The present attempt removes the Marshal.Compression API and makes compressed marshaling unavailable via the standard library and private to the OCaml compilers. A new module Compression is added to the compilers and to compiler-libs, and used to compress and uncompress the same compilation artefacts as in #12006. (Unless ZSTD is not available or configured out, in which case plain marshaling is used.)

The implementation reuses parts of the first attempt #12705:

  • The ZSTD-specific C code is moved to runtime/zstd.c and hooks into extern.c and intern.c when activated.
  • The bytecode interpreter ocamlrun and executables produced with ocamlc -custom always include zstd.c and always dynamically link with ZSTD. (Doing otherwise complicates coldstart and bootstrap too much.)

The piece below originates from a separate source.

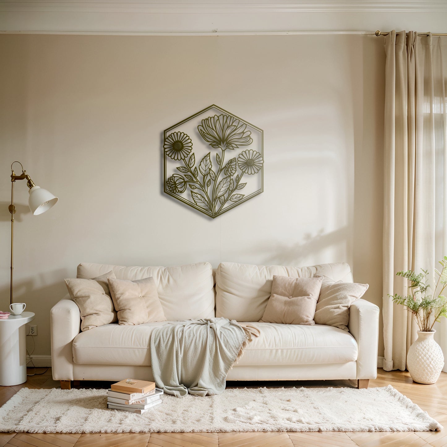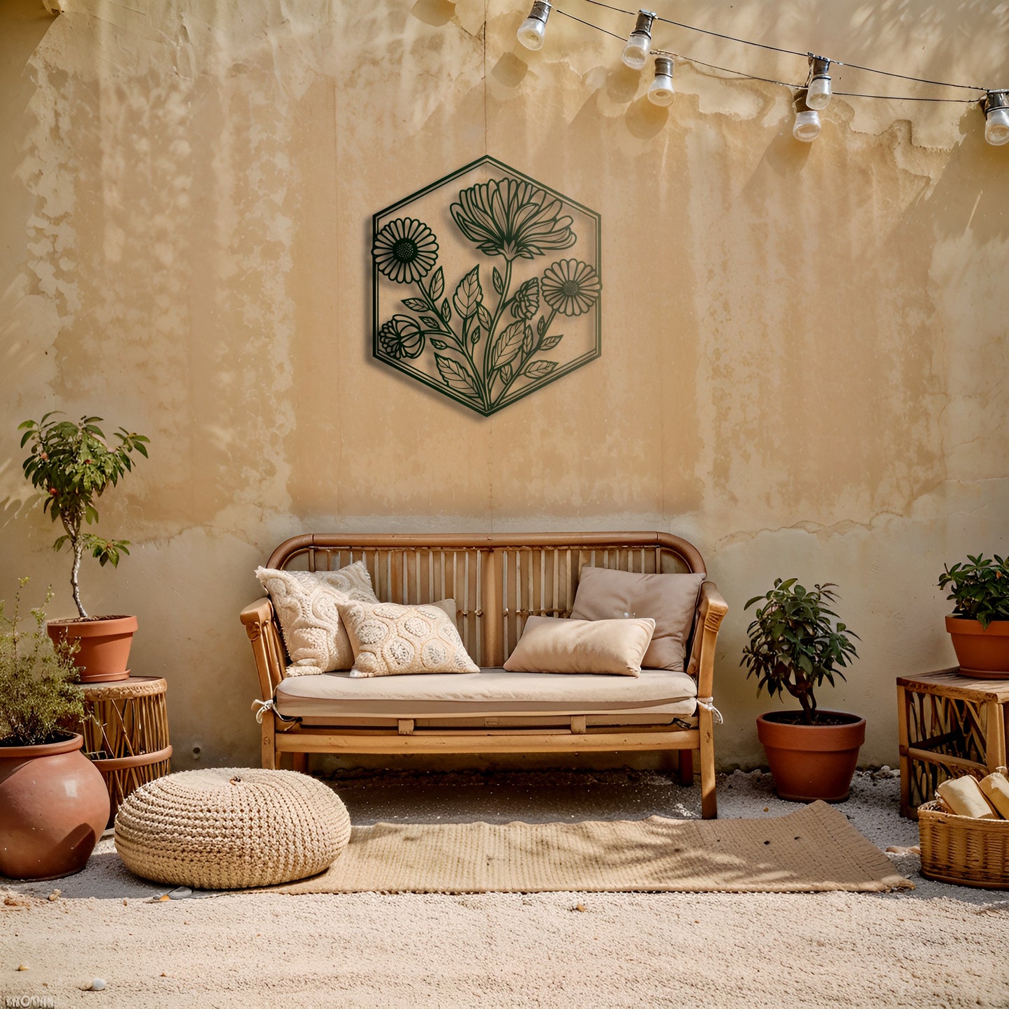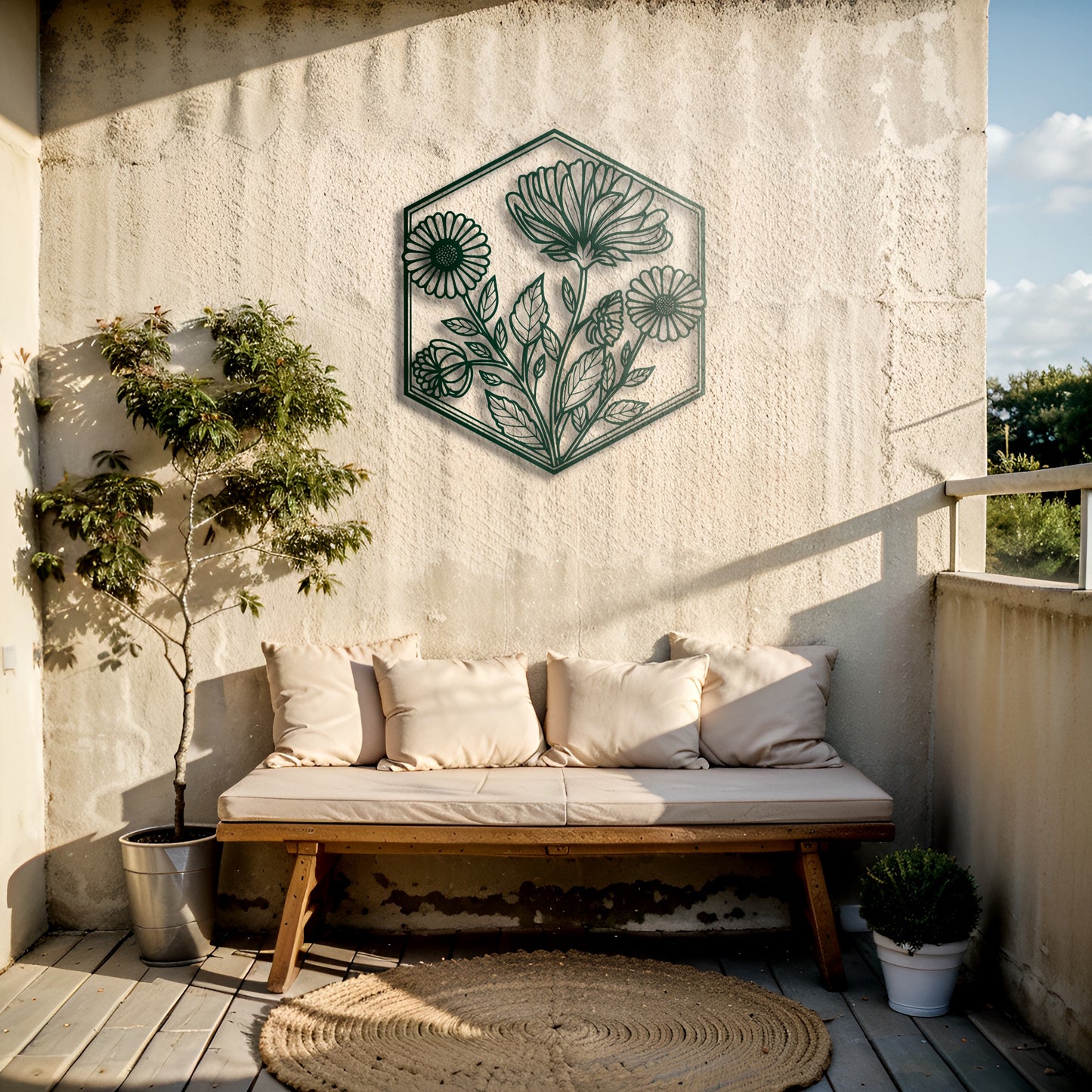 This elegant hexagonal metal wall art showcases a retro-inspired floral motif, combining vintage charm with a sleek modern design. It’s a perfect way to add a touch of timeless beauty to your living room, bedroom, or even your garden.

What's new in this second attempt:

  • Native-code executables produced by ocamlopt do NOT include zstd.c and do NOT link with ZSTD, unless they use compiler-libs (see next).
  • zstd.c and -lzstd are automatically included when linking with ocamlcommon.cmxa, the first part of native-code compiler-libs. This makes them usable from ocamlc.opt, ocamlopt.opt, and any native-code program that uses compiler-libs and therefore needs to work with compressed compilation artifacts.

This PR is against 5.1, so that it can be integrated in release 5.1.1. Two points of attention:

  • Accepting this PR means that we introduce an API incompatibility between 5.1.1 and 5.1 (the removal of the Marshal.Compression flag). IIRC, we never did this (a minor release with an incompatible API) before. The working group composed of @dra27, @Octachron, @nojb and I think this is acceptable given the circumstances. This will have to be confirmed at the next developers meeting.
  • The implementation of this PR was intentionally kept small and a bit hackish to minimize the changes in 5.1.1. If it is accepted, we (the working group) have ideas to clean up the implementation and perhaps make compressed marshaling accessible to users again (as a separate library in otherlibs/, explicitly linked, like the Unix library) in time for 5.2.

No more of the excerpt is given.